The results of this preliminary work only partially supported our hypotheses. The r2-values (Table III) indicate that despite including many variables, relatively little variance was accounted for within our comprehensive models. This is surprising and further study is required to determine the reason for the larger proportion of observed variance especially given the magnitude of sleep disturbance experienced by the children. For example, our sample experienced on average 11–17 awakenings per night. In contrast, a study of healthy 2nd, 4th, and 6th grade children revealed only one or two awakenings per night, as assessed by actigraph recordings (Sadeh et al., 2000). Boys in our sample showed more disturbed sleep than girls did both before and during administration of dexamethasone; however, girls did not have more total nocturnal sleep time as expected. Observed differences in WASO were particularly sensitive to dexamethasone administration and revealed a differential response for girls and boys.

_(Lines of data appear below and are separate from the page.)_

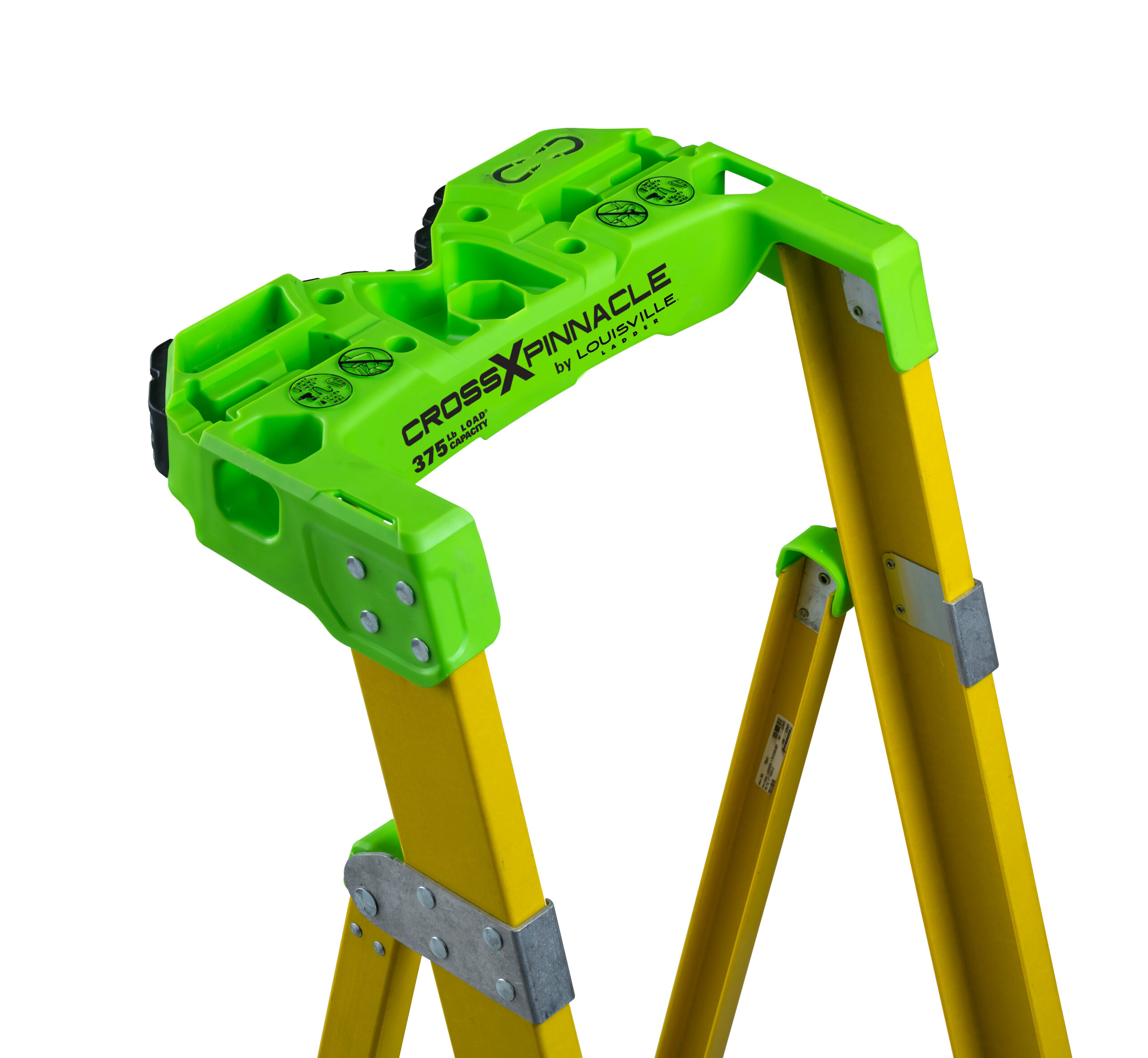 This innovation is the first of its kind. Combining the sturdiness of a platform ladder with the ability to be leaned, this Platform to Leaning 2-in-1 Cross Pinnacle Ladder is a job site must-have. Its HiVis green top and shoes make it easily identifiable to prevent fines and improve workplace safety. This 4-Foot Leaning Platform Ladder is made of superior quality and is non-conductive. The V-shape Pro Top allows the ladder to lean against walls, buildings and poles, and onto and into corners, giving it plenty of ways to improve performance when working electrical, construction, and residential jobs. The top includes a magnet tray, hardware tray, drill and tool slots, and pipe or 2×4 holder, and two tool tether anchor attachment points to secure tools with a lanyard. Louisville Ladder’s exclusive SHOX system provides extra durability and resistance to abuse and accidental mishandling; it has a 375-Pound capacity, elegant design, and a smooth finish. You won’t find a more durable, reliable ladder. As with all Louisville Ladders, it meets or exceeds the safety standards set by ANSI and OSHA.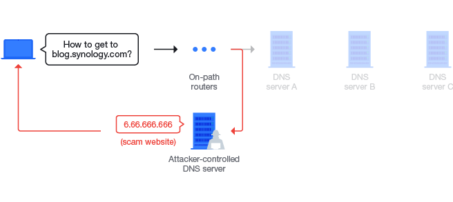For example, if you enter blog.synology.com into your browser, it will contact (often multiple) DNS servers, asking for their help until it finds the IP address associated with the domain blog.synology.com (e.g., 1.23.456.789).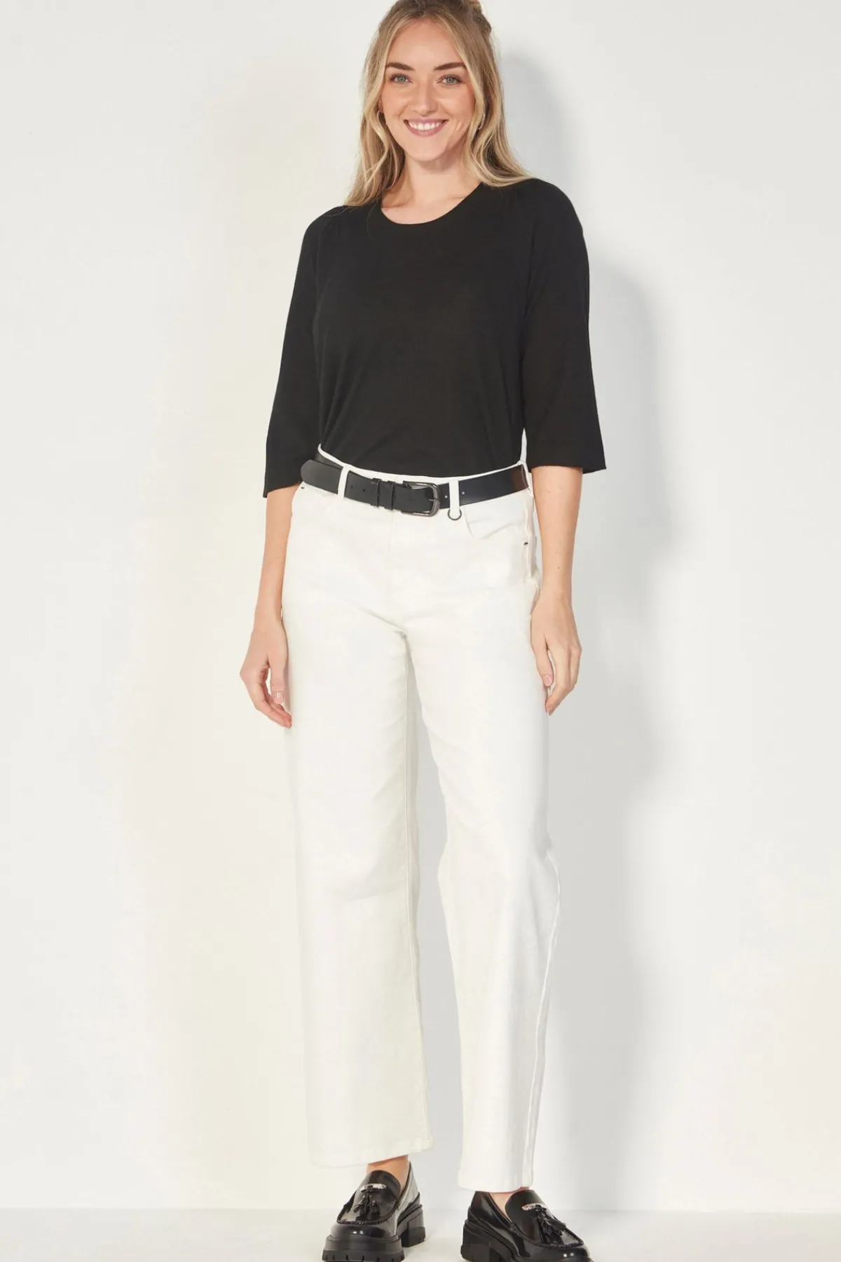 The Zoe top is crafted from premium extra fine 100% Merino wool and features a ribbed scoop crew neck and elbow length set in sleeves. Designed to sit at the hip, it offers both comfort and style. Experience the benefits of high quality wool with this versatile top. Extra fine 100% Merino. Scoop crew neck. Elbow length sleeve. Designed to sit at the hip.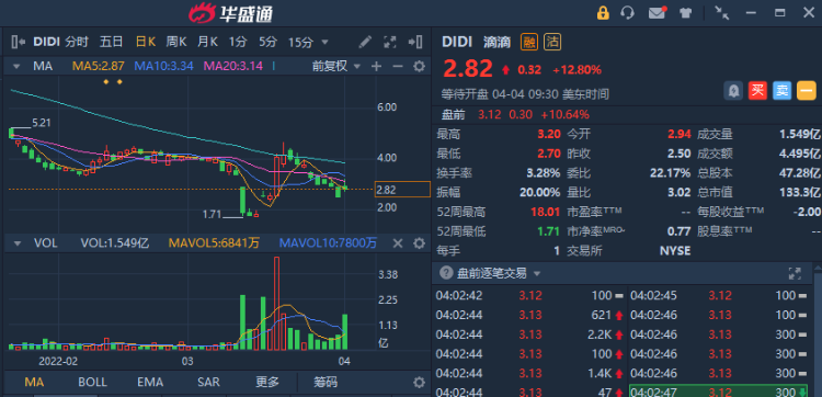 华盛资讯4月4日消息,美股中概股盘前多数走高,滴滴(DIDI)涨10%,哔哩哔哩(BILI)涨超11%,贝壳(BEKE)涨超8%,阿里巴巴(BABA)涨超5%,证监会拟修订中国企业境外上市有关规定,促进企业依法合规开展境外发行上市活动。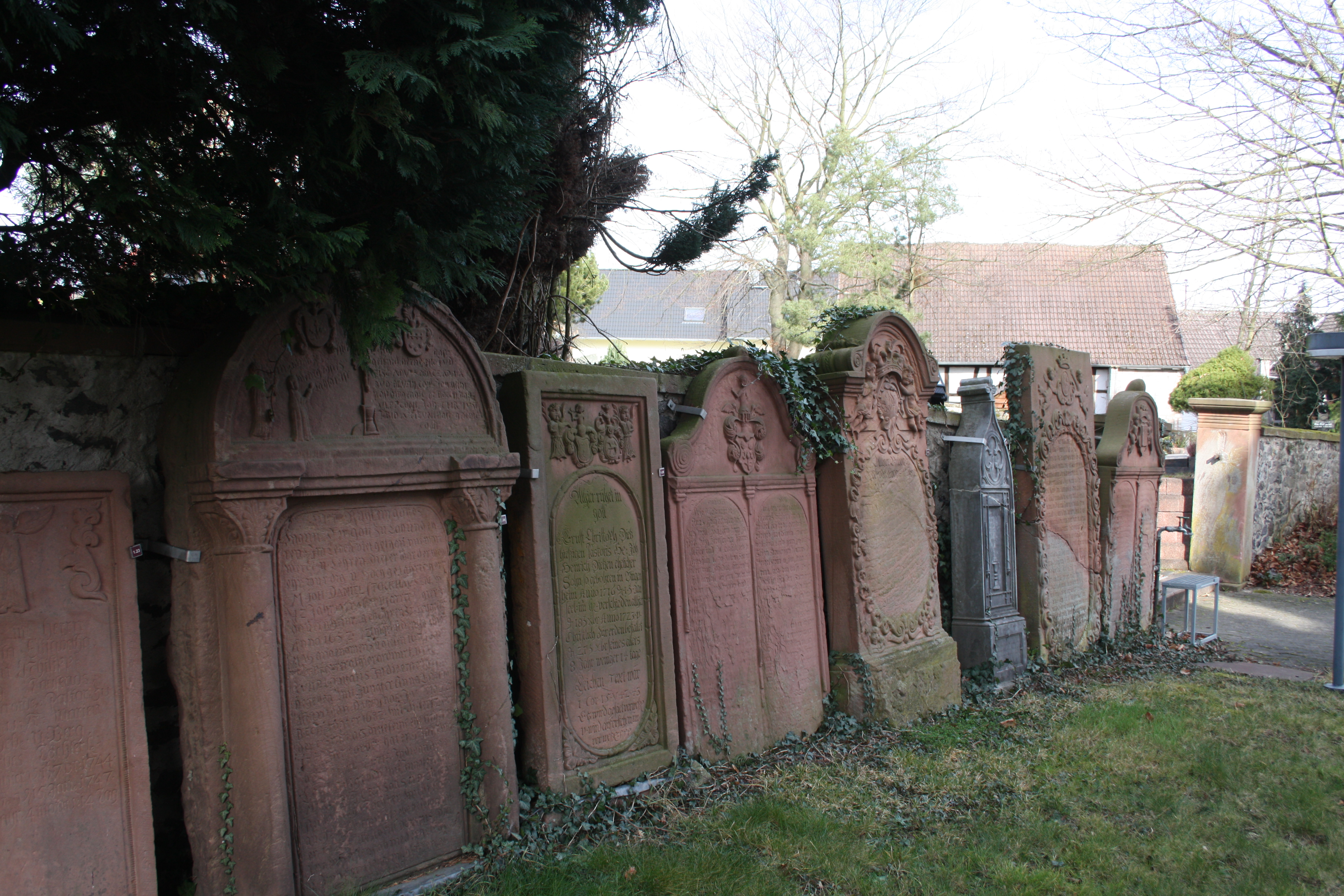 Barocke Grabsteine bei der Kirche Dauernheim.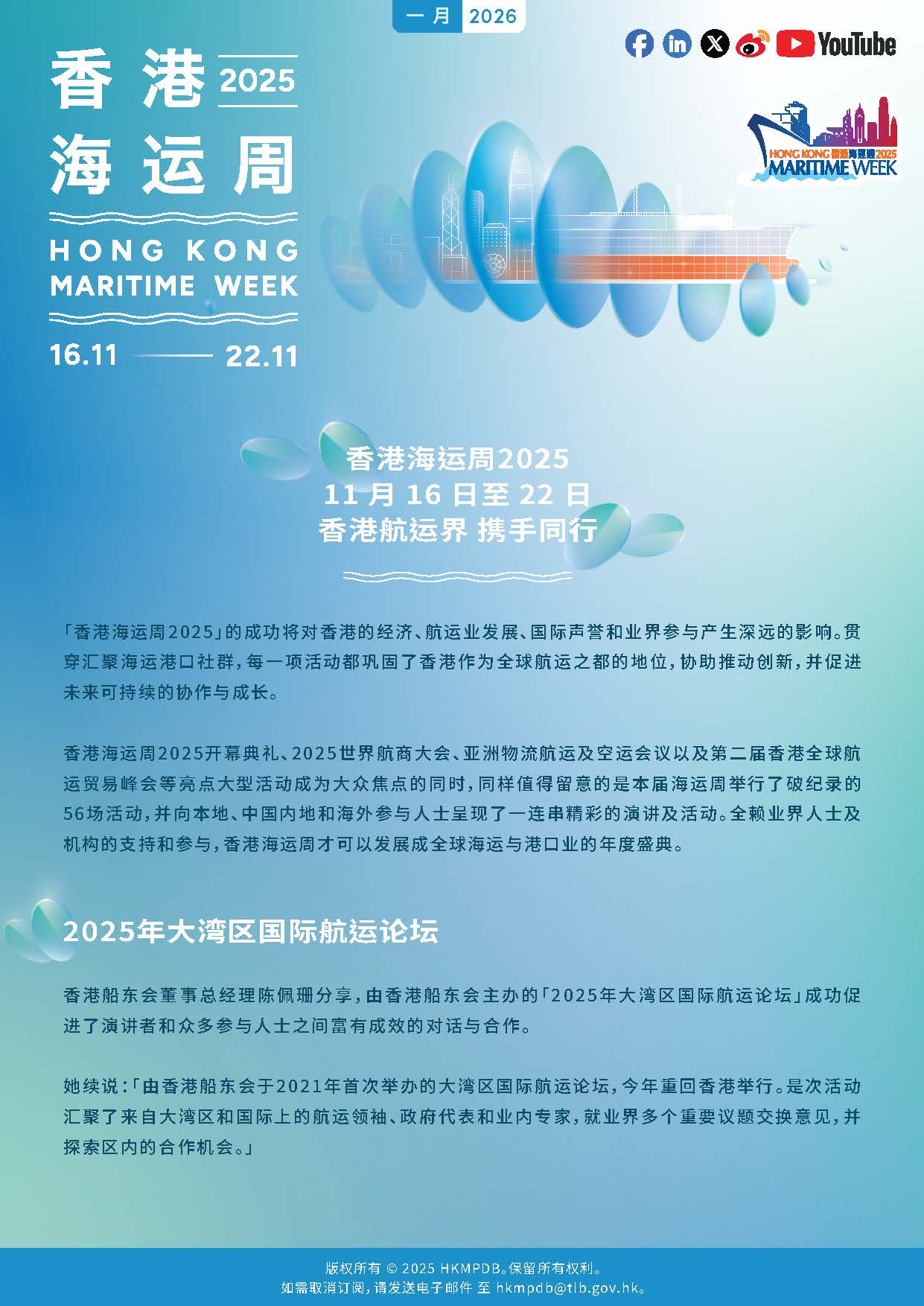 香港海运周2025 11月16日至22日香港航运界 携手同行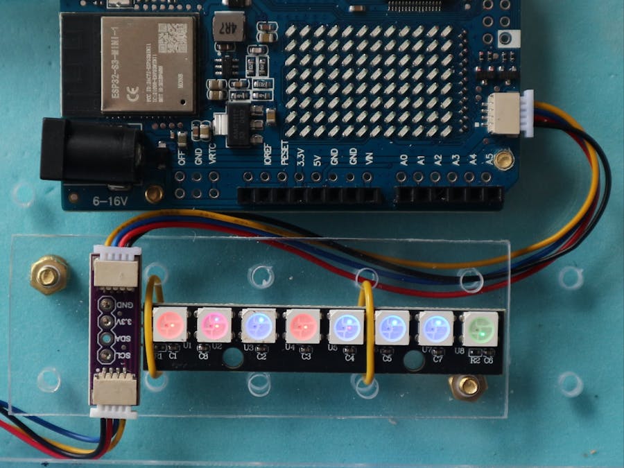 The ARDUINO UNO R4 WiFi offers a second I2C channel called Wire1. The SDA and SCL lines are connected to pins 26 and 27, which are not available otherwise. Both pins can be used by the Adafruit Neopixel Library. WS2812 strips normally should be operated by a voltage of 5 volts, while the Qwiic channel (Wire1) only feeds 3.3 volts. Does it work nevertheless? Obviously it does.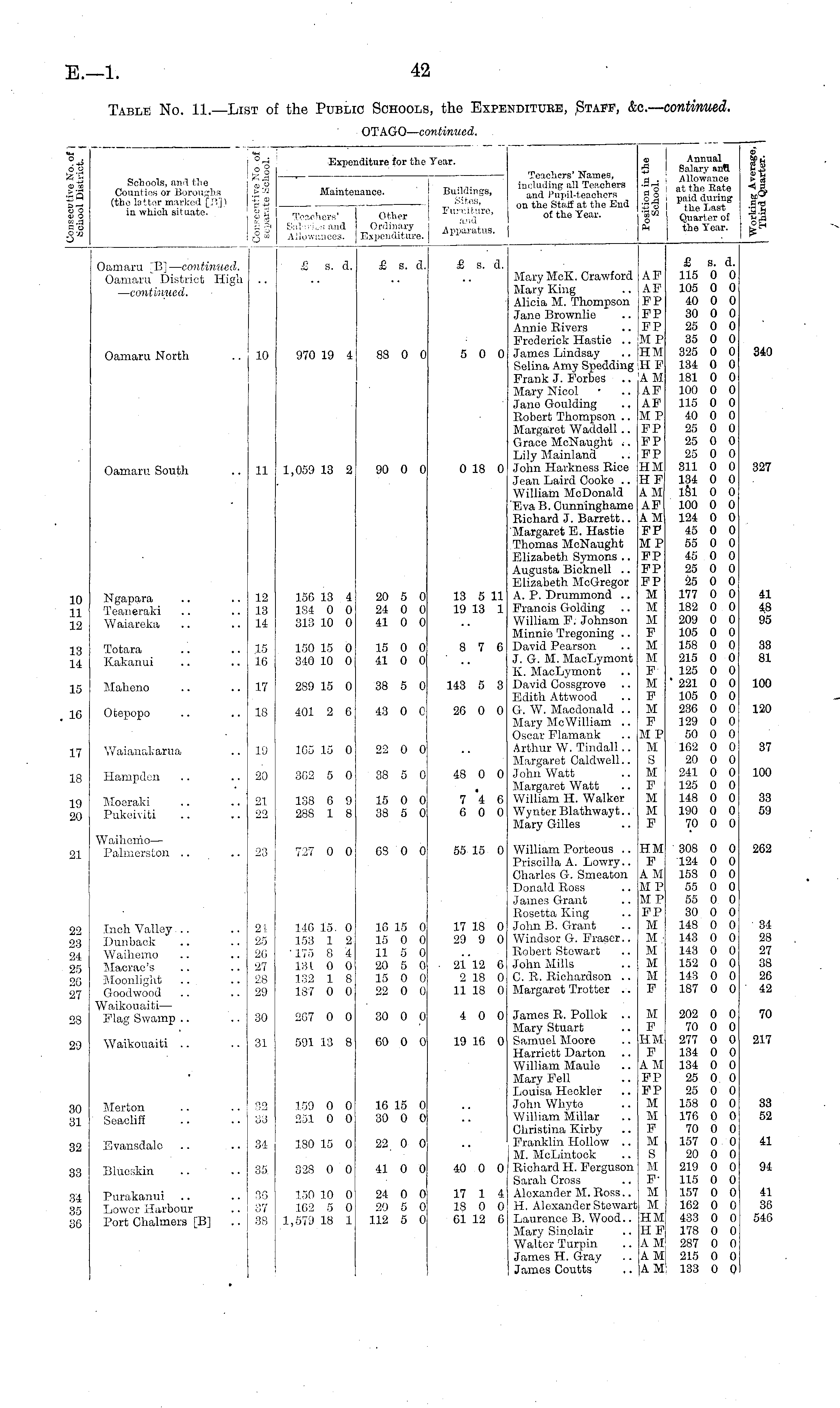 Table No. 11.—List of the Public Schools, the Expenditure, Staff, &c.— continued. OTAGO— continued.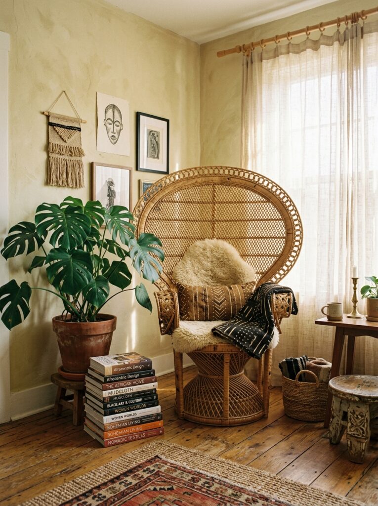 A large rattan peacock chair is perhaps the single most recognizable piece of afro boho home decor furniture, and for good reason. Its dramatic arching form creates an instant focal point in any corner while remaining completely in harmony with the natural, organic materials that define the afrohemian aesthetic. Soften it with a sheepskin cushion, stack some art and culture books beside it, and let a monstera plant lean in naturally. You will have a corner that people want to photograph every time they visit.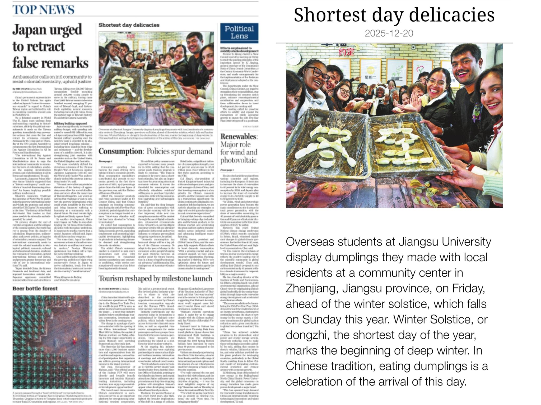 我院组织的留学生体验冬至民俗活动受到China Daily等主流媒体报道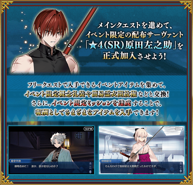 推進主線關卡後,活動限定的配布從者「★4(SR)原田左之助」會正式加入。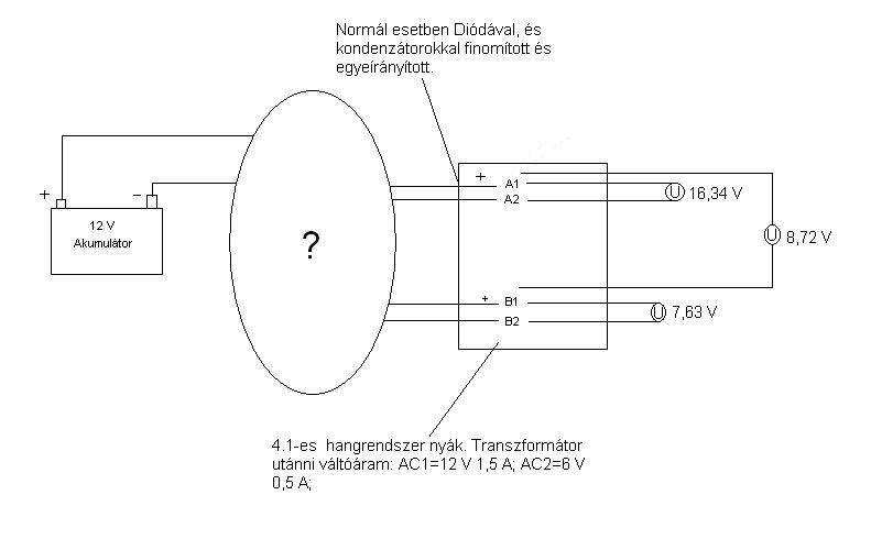 - akkumulátor nem ad stabil 12 V-ot, IC-hez meg legalább 3-4 V többlet feszültség kell. - a nyák táp ellátása egy 16 V, és egy 9 V stabil egyenárammal történik. Szóval, segítséget szeretnék kérni, hogy az akkumulátor és a nyák között milyen kapcsolások jöhetnének szóba. Nagyon örülnék, ha lenne kapcsolási rajz is, de elegendő, ha megmondja valaki, hogy milyen sorrendben tudom a 12 V-ot stabil 16, és 9 V-ra alakítani, illetve az áramerősség hogyan változhat? Mert eredetileg a transzformátor után 1,5 illetve 0,5 A áram folyik át, de ezt egyenirányítva változik valamit? A válaszokat előre is köszi, és légy szíves, felesleges kérdés ne legyen, pl.: minek 4.1 a kocsiba.. Köszönöm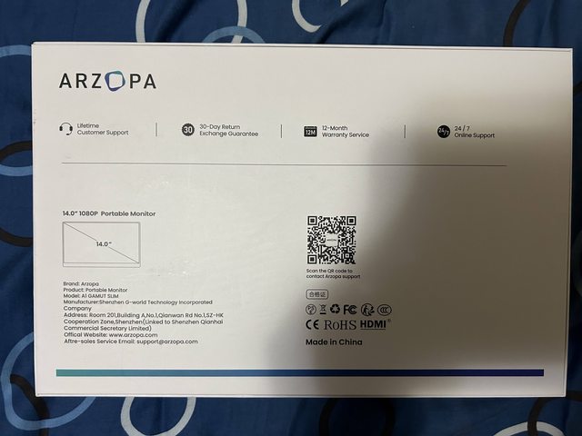 ◎硬體型號:Arzopa A1 14寸 1080P FHD 60Hz 可攜式螢幕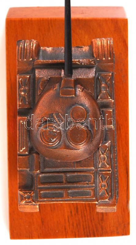 Beschreibung: cca 1980 T-54-es harckocsi makettje, fém, gumi, fa talapzaton /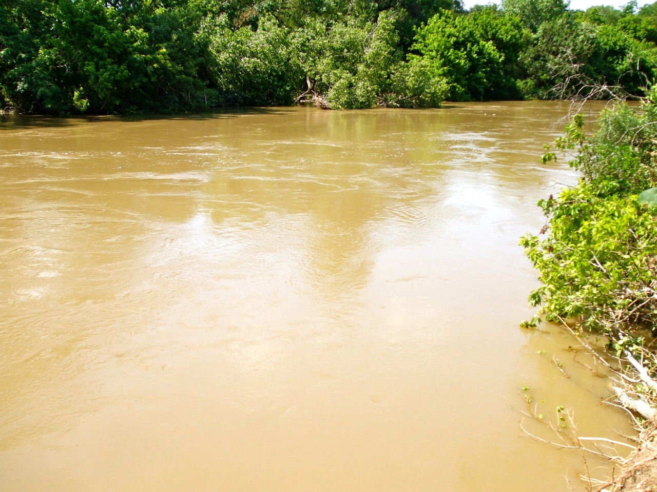 We decided to hike back to the Trinity River and see how full it was. Just getting to it turned out to be an adventure. A back pasture had become a lake, and we had to wade through one edge of it since it extended past the fence on both sides.

Despite having less disturbed nocturnal sleep, objectively girls demonstrated greater daytime napping in the total sample. This result suggests that gender differences may exist in the fatigue experience. Contrary to this finding, gender differences were not found in subjective fatigue. Gender differences in subjective fatigue may not exist in our sample because of the significant differences found in sleep disruption and daytime compensatory behavior (e.g., napping). Gender differences observed in other populations might be suppressed in our sample by the more disturbed nocturnal sleep in boys and higher rate or duration of napping in girls. In contrast, this null finding may have been due to limitations of our fatigue instrumentation. Analyses had to be conducted separately for the three instruments (child, adolescent, and parent), thus resulting in small sample sizes for fatigue analyses (e.g., only 13 participants in adolescent analysis). Consequently, statistical power may have been insufficient. Often, much larger sample sizes are required to detect individual differences such as gender differences. Another limitation is that there is currently no well-established cut score for these instruments; therefore, it is unclear what score is indicative of clinically significant fatigue.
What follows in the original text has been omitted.